Instructions to follow: For each record below, output its text exactly and skip any picture.

________________

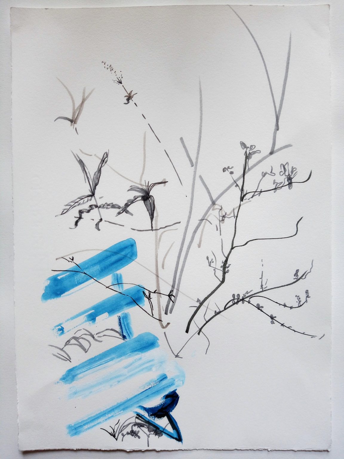 Jane Ellis is a visual artist with a grounding in print making. She works primarily with woodblock print, using observational drawing to develop her imagery. Jane often uses natural objects and cut out woodblock pieces as printing tools. Her work methodology also involves processes of exploration with different media such as inks, acrylics, watercolours and tonal pens. She prefers to work plein air, particularly in the Wicklow mountains, as she finds the experience of being outdoors invigorating. Jane has exhibited at IADT group shows such as Making the Intangible Tangible (United Artists Club, 2019) and High Heart (Pallas Projects/Studios, 2021).
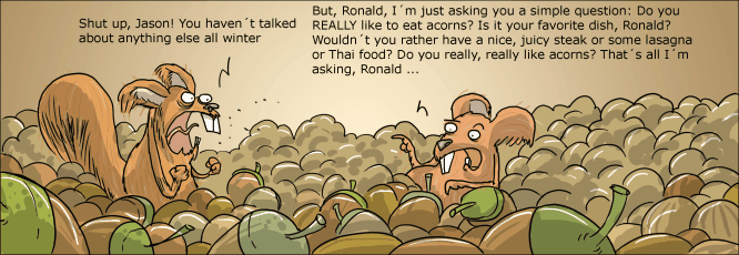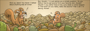 “可我只是在问你一个简单的问题:你真的喜欢橡子吗?这是你最喜欢吃的吗?你为什么不来点美味多汁的烤肉,或者烤宽面条,或者泰国菜?你是真的发自内心喜欢橡子吗?我只想问这个……”
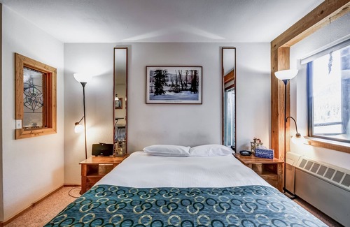 This studio comfortably accommodates a couple with one queen bed (brand new mattress) . The rustic décor adds charm, while the private balcony and wood burning fireplace allow you to take in the crisp, mountain air or cozy up when it’s time to wind down. The kitchenette is furnished with new dishware and a tall bistro table with seating for four. There are ski lockers as well. But what makes this particular studio so special is the decor. You can tell the owner loves her little studio and spent time making it look nice. She used "cabin-y" decorations that really make you feel warm. The Meadows also has a hot tub during the winter months but is not always guaranteed.
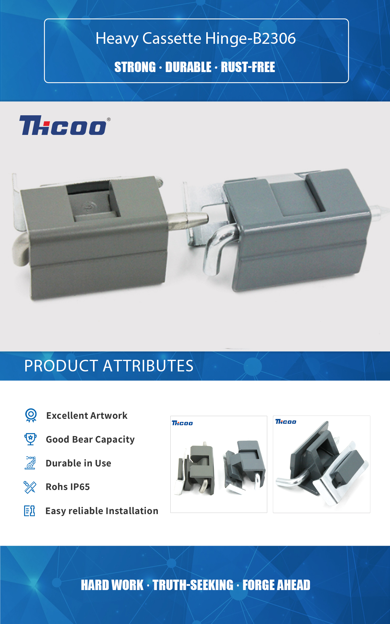 Saját vizsgálólaborral, valamint fejlett és teljes ellenőrző berendezéssel rendelkezünk, amelyek biztosítják a termékek minőségét. A B2306 nehéz kazettás csuklópántot nehéz panelek vagy ajtók megtámasztására tervezték. Ezek a zsanérok gyakran különféle kivitelben kaphatók, például króm vagy fekete színben, ami lehetővé teszi, hogy beleolvadjanak a környező dekorációba.
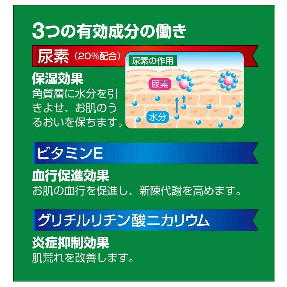100g中に次の成分を含みます 尿素 20g グリチルリチン酸二カリウム 0.5g トコフェロール酢酸エステル 0.5g
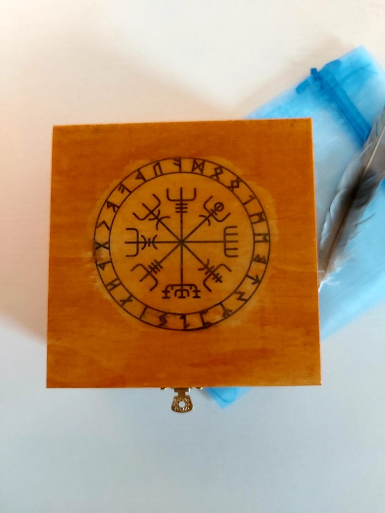 Questo cofanetto con simbolo di protezione narrano dipinto a mano può contenere le Rune
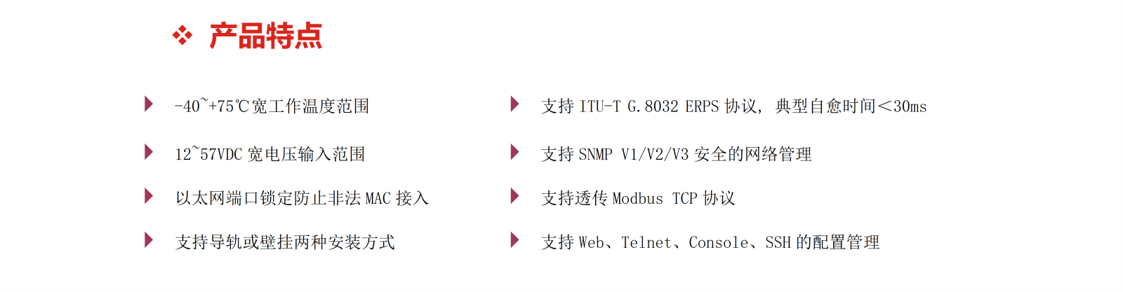 工業(yè)IP40防護(hù)等級(jí)的金屬機(jī)殼、抗強(qiáng)振卡軌結(jié)構(gòu)、MTBF≥300000h、高達(dá)6KV的以太網(wǎng)端口浪涌保護(hù)等設(shè)計(jì)為交換機(jī)在惡劣的工作環(huán)境中穩(wěn)定運(yùn)行提供了可靠保障。
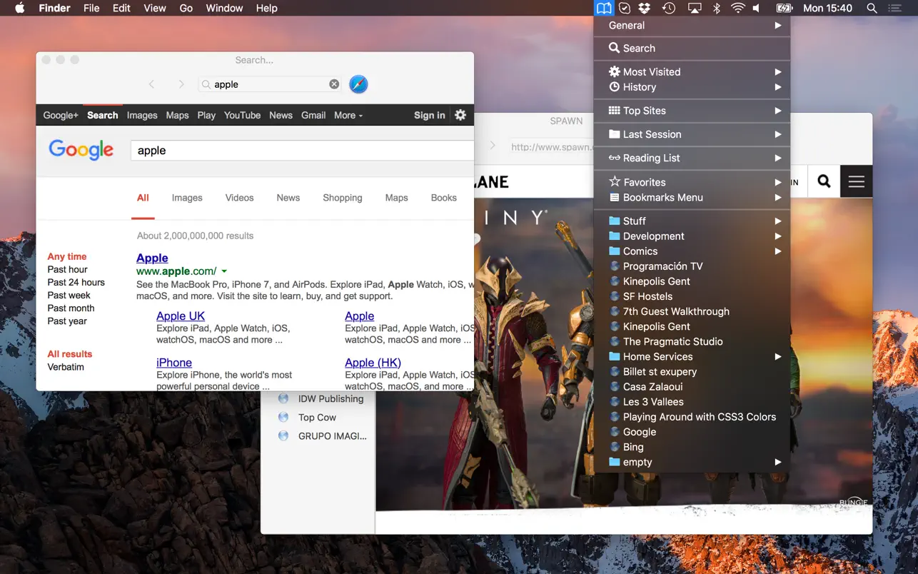 Bookmarks Menu (Safari Menu)

________________

Answer space:
 Jane Ellis is a visual artist with a grounding in print making. She works primarily with woodblock print, using observational drawing to develop her imagery. Jane often uses natural objects and cut out woodblock pieces as printing tools. Her work methodology also involves processes of exploration with different media such as inks, acrylics, watercolours and tonal pens. She prefers to work plein air, particularly in the Wicklow mountains, as she finds the experience of being outdoors invigorating. Jane has exhibited at IADT group shows such as Making the Intangible Tangible (United Artists Club, 2019) and High Heart (Pallas Projects/Studios, 2021).
 “可我只是在问你一个简单的问题:你真的喜欢橡子吗?这是你最喜欢吃的吗?你为什么不来点美味多汁的烤肉,或者烤宽面条,或者泰国菜?你是真的发自内心喜欢橡子吗?我只想问这个……”
 This studio comfortably accommodates a couple with one queen bed (brand new mattress) . The rustic décor adds charm, while the private balcony and wood burning fireplace allow you to take in the crisp, mountain air or cozy up when it’s time to wind down. The kitchenette is furnished with new dishware and a tall bistro table with seating for four. There are ski lockers as well. But what makes this particular studio so special is the decor. You can tell the owner loves her little studio and spent time making it look nice. She used "cabin-y" decorations that really make you feel warm. The Meadows also has a hot tub during the winter months but is not always guaranteed.
 Saját vizsgálólaborral, valamint fejlett és teljes ellenőrző berendezéssel rendelkezünk, amelyek biztosítják a termékek minőségét. A B2306 nehéz kazettás csuklópántot nehéz panelek vagy ajtók megtámasztására tervezték. Ezek a zsanérok gyakran különféle kivitelben kaphatók, például króm vagy fekete színben, ami lehetővé teszi, hogy beleolvadjanak a környező dekorációba.
100g中に次の成分を含みます 尿素 20g グリチルリチン酸二カリウム 0.5g トコフェロール酢酸エステル 0.5g
 Questo cofanetto con simbolo di protezione narrano dipinto a mano può contenere le Rune
 工業(yè)IP40防護(hù)等級(jí)的金屬機(jī)殼、抗強(qiáng)振卡軌結(jié)構(gòu)、MTBF≥300000h、高達(dá)6KV的以太網(wǎng)端口浪涌保護(hù)等設(shè)計(jì)為交換機(jī)在惡劣的工作環(huán)境中穩(wěn)定運(yùn)行提供了可靠保障。
 Bookmarks Menu (Safari Menu)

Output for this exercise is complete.